PAGE 5
Both To Blame
by
At length she saw this lady enter the parlors by the side of her husband, and noticed with surprise that her head-dress was entirely different from the one she wore. The truth flashed across her mind. Mrs. Pinto had betrayed her secret, and Mrs. Bates, justly outraged by what had occurred, had thrown aside her beautiful cap and selected another.
Now Mrs. Bates was a woman whom Mrs. Tarleton would be sorry to offend seriously, because her position in certain circles was undoubted, while her own was a little questionable. The fact that Mrs. Bates had declined wearing so beautiful a head-dress because she had obtained one of the same pattern by unfair means, made her fear that serious offence had been given, and dashed her spirits at once.
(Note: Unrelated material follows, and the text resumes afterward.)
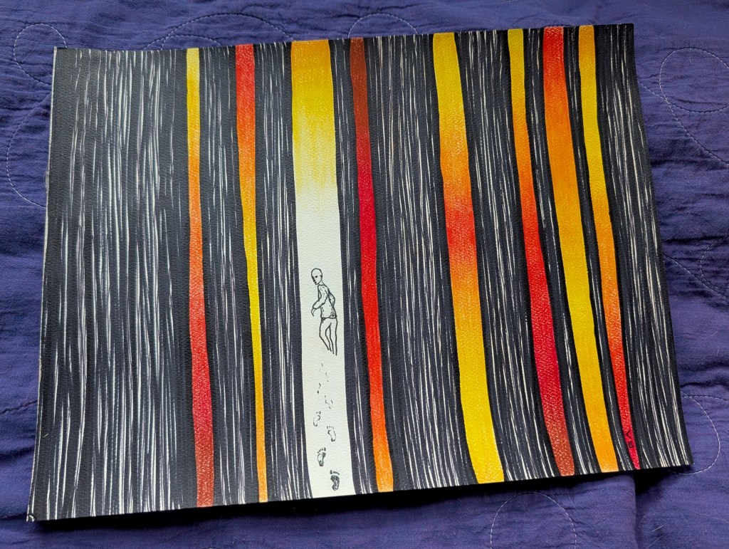 In the Forest This image depicts a figure’s quiet disappearance into their forest filled with sunset – or fire – or both. (Sharpie drawing with pastels.) Share this: Click to share on X (Opens in new window) X Click to share on Facebook (Opens in new window) Facebook Like Loading...

She was not long left in doubt. Before ten minutes had elapsed she was thrown into immediate contact with Mrs. Bates, from whom she received a polite but cold bow.
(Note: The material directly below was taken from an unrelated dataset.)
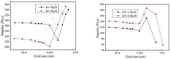X-ray energy decays exponentially in the material when irradiating the target. X-ray energy is primarily deposited as a thin layer on the surface of a material []. Besides, the X-ray energy deposition profile varies rapidly with the depth of the thin layer. Accordingly, different mesh sizes significantly impact the distribution of the X-ray energy deposition, which critically determines blow-off impulse calculation. The numerical results of blow-off impulse are largely determined by grid size, so the irrelevant grid should be developed, and the grid-independent solution should be obtained.

Mrs. Tarleton was both hurt and offended at this, and immediately after the party, commenced talking about it and mis-stating the whole transaction, so as not to appear so much to blame as she really was. Mrs. Bates, on the contrary, said little on the subject, except to a few very intimate friends, and to those who made free to ask her about it, to whom she said, after giving fairly the cause of complaint against Mrs. Tarleton–“I spoke to her coldly because I wished our more intimate acquaintance to cease. Her conduct was unworthy of a lady, and therefore I cannot and will not consider her among my friends. No apologies, if she would even make them, could change the wrong spirit from which she acted, or make her any more worthy of my confidence, esteem or love.”
“But you will surely forgive her?” said one.
“The wrong done to me I am ready enough to forgive, for it is but a trifling matter; but the violation of confidence and departure from a truly honest principle, of which she has been guilty, I cannot forgive, for they are not sins against me, but against Heaven’s first and best laws.”
But that did not satisfy some. Persons calling themselves mutual friends strove hard to reconcile what they were pleased to call a misunderstanding in which “both were to blame.” But it availed not. To their interference, Mrs. Bates usually replied–“If it will be any satisfaction to Mrs. Tarleton to be recognized by me and treated kindly and politely in company, I will most cheerfully yield her all that; but I cannot feel towards her as heretofore, because I have been deceived in her, and find her to be governed by principles that I cannot approve. We can never again be on terms of intimacy.”
But it was impossible to make some understand the difference between acting from principle and wounded pride. The version given by Mrs. Tarleton was variously modified as it passed from mouth to mouth, until it made Mrs. Bates almost as much to blame as herself, and finally, as the coldness continued until all intercourse at last ceased, it was pretty generally conceded, except by a very few, that “both were about equally to blame.”
The reader can now make up his own mind on the subject from what has been related. For our part, we do not think Mrs. Bates at all to blame in at once withdrawing herself from intimate association with such a woman as Mrs. Tarleton showed herself to be, and we consider that a false charity which would seek to interfere with or set aside the honest indignation that should always be felt in similar cases of open betrayal of confidence and violation of honest and honorable principles.
We have chosen a very simple and commonplace incident upon which to “hang a moral.”–But it is in the ordinary pursuits of business and pleasure where the true character is most prone to exhibit itself, and we must go there if we would read the book of human life aright.